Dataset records
....................
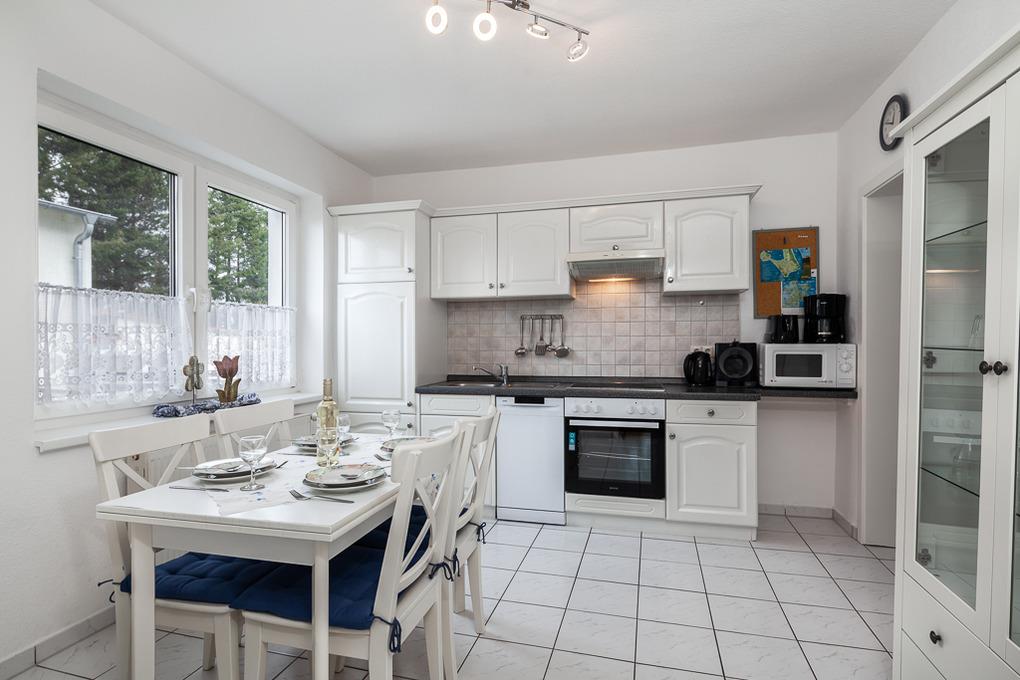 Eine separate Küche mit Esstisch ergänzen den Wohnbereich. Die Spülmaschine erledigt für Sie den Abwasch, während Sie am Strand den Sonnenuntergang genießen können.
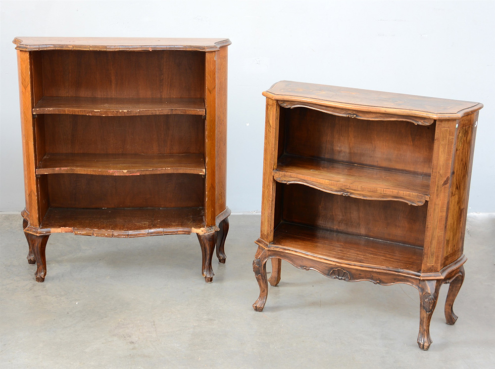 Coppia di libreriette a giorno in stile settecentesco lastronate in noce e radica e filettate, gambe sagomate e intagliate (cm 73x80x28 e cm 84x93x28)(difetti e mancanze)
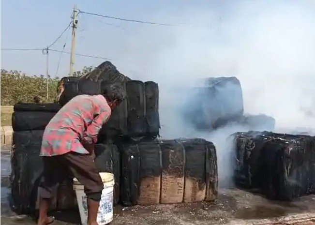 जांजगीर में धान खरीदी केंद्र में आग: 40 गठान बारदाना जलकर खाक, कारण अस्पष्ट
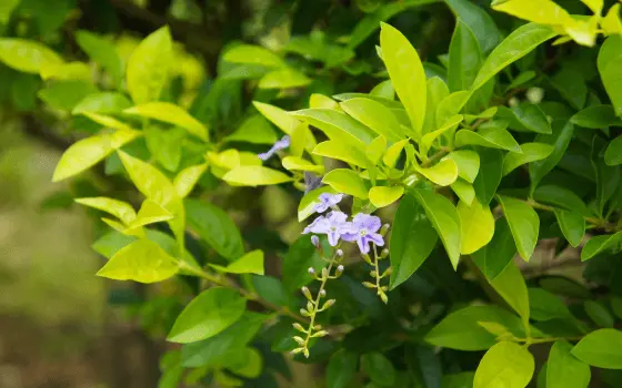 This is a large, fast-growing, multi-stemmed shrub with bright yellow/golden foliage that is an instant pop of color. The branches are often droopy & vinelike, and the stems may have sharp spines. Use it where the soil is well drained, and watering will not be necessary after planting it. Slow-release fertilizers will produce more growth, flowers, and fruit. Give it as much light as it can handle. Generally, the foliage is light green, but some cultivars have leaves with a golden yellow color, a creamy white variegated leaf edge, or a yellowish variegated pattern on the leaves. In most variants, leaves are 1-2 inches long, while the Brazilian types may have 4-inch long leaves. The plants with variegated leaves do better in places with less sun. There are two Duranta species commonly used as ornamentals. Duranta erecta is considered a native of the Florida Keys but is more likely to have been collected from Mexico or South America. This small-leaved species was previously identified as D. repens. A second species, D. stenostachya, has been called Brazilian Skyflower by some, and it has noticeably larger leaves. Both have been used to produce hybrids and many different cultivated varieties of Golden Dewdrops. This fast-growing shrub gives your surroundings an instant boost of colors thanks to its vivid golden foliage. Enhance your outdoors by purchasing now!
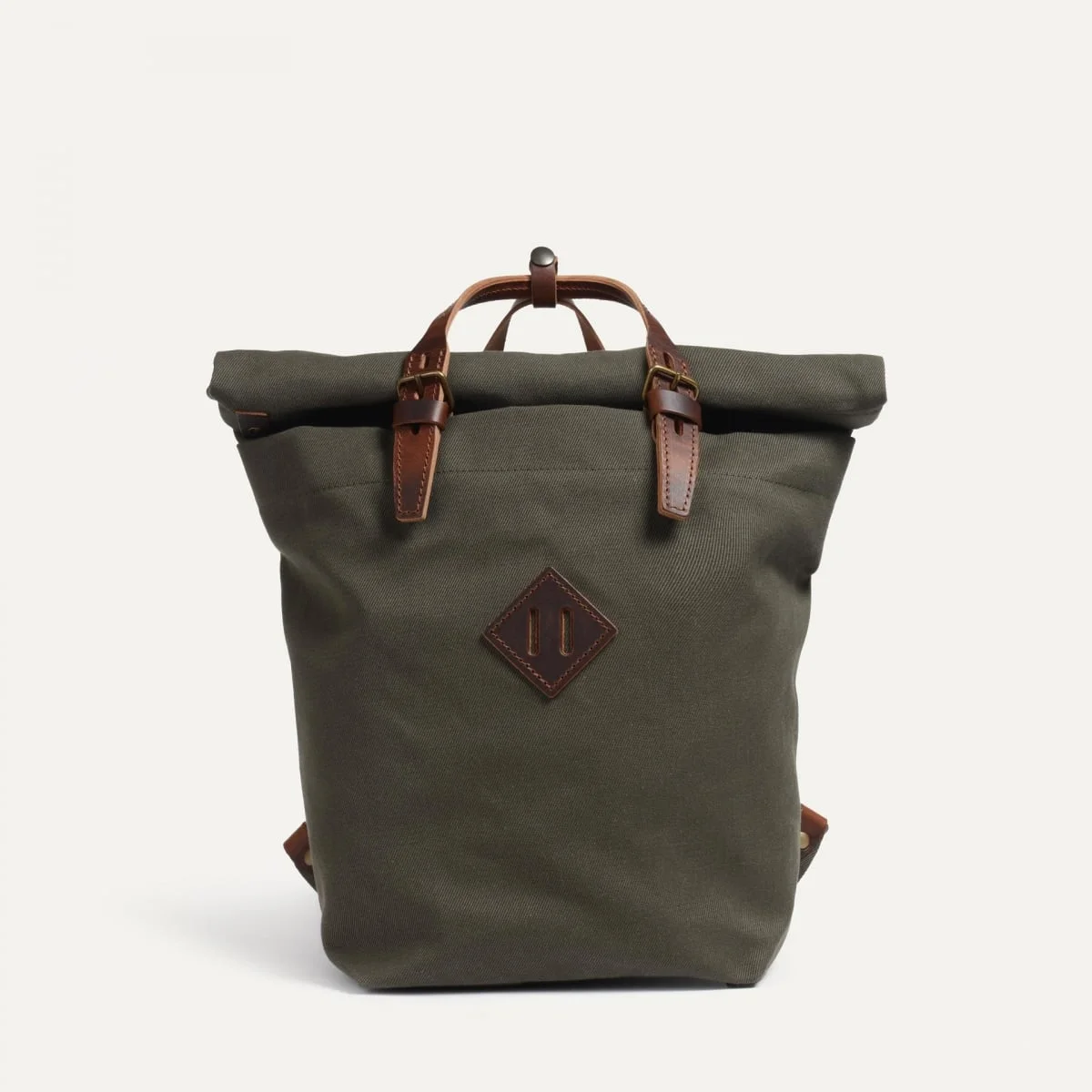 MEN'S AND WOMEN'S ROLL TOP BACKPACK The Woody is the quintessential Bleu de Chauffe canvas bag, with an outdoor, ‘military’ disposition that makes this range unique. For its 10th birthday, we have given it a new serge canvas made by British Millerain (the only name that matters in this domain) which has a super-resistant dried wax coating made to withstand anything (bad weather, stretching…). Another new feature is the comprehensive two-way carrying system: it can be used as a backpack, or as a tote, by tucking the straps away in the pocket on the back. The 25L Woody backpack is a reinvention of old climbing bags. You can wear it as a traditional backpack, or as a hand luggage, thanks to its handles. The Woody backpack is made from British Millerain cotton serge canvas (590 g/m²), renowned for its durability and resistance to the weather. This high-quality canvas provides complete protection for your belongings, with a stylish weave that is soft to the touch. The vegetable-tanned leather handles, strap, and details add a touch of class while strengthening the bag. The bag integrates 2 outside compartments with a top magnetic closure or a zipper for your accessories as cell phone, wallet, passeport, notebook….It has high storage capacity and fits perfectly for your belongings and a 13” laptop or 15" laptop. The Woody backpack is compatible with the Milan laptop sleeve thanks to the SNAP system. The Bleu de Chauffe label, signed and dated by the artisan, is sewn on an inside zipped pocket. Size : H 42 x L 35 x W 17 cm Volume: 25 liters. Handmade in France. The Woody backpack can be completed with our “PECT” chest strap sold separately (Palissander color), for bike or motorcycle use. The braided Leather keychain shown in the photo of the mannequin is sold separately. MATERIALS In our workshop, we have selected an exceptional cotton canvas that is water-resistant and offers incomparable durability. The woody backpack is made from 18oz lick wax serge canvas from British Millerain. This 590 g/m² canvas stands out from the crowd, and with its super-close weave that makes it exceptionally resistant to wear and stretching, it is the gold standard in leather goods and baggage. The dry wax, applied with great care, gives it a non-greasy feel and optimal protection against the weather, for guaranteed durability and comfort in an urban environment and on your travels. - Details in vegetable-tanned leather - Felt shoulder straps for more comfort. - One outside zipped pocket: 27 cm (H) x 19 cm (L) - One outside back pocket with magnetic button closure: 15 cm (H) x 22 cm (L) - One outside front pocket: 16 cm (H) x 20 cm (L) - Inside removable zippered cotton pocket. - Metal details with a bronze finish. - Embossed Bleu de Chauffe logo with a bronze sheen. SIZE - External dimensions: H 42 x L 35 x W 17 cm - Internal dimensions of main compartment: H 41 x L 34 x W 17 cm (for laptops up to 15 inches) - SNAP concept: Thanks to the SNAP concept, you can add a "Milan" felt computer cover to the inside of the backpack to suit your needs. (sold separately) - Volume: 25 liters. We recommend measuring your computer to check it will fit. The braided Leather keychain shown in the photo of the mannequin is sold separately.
....................
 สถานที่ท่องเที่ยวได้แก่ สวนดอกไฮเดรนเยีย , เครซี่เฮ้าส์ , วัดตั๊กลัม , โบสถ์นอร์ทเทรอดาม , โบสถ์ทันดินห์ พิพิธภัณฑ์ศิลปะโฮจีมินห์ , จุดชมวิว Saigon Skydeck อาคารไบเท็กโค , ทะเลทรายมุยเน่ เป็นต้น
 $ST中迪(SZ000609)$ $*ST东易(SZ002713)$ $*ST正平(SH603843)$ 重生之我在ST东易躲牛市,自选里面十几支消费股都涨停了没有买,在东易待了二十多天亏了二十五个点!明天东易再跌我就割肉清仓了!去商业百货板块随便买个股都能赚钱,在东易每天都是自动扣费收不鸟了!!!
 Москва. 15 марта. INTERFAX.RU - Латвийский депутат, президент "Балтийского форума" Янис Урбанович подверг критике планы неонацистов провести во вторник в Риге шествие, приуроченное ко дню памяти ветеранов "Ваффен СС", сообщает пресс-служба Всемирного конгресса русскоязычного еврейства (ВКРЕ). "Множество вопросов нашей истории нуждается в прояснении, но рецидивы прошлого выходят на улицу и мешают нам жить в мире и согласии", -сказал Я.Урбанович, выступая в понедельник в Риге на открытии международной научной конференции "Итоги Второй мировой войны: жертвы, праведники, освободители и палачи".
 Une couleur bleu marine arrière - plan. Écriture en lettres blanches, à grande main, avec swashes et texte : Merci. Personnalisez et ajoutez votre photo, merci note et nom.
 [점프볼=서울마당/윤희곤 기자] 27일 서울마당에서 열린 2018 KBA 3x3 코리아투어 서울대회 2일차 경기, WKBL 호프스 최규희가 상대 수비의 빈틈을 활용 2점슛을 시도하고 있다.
....................
# [What to produce]
Copy out only the lines above from the one with "Une couleur bleu" to the one with "[점프볼=서울마당/윤희곤 기자] 27일", inclusive, exactly as they stand.

# [Written solution]
 Une couleur bleu marine arrière - plan. Écriture en lettres blanches, à grande main, avec swashes et texte : Merci. Personnalisez et ajoutez votre photo, merci note et nom.
 [점프볼=서울마당/윤희곤 기자] 27일 서울마당에서 열린 2018 KBA 3x3 코리아투어 서울대회 2일차 경기, WKBL 호프스 최규희가 상대 수비의 빈틈을 활용 2점슛을 시도하고 있다.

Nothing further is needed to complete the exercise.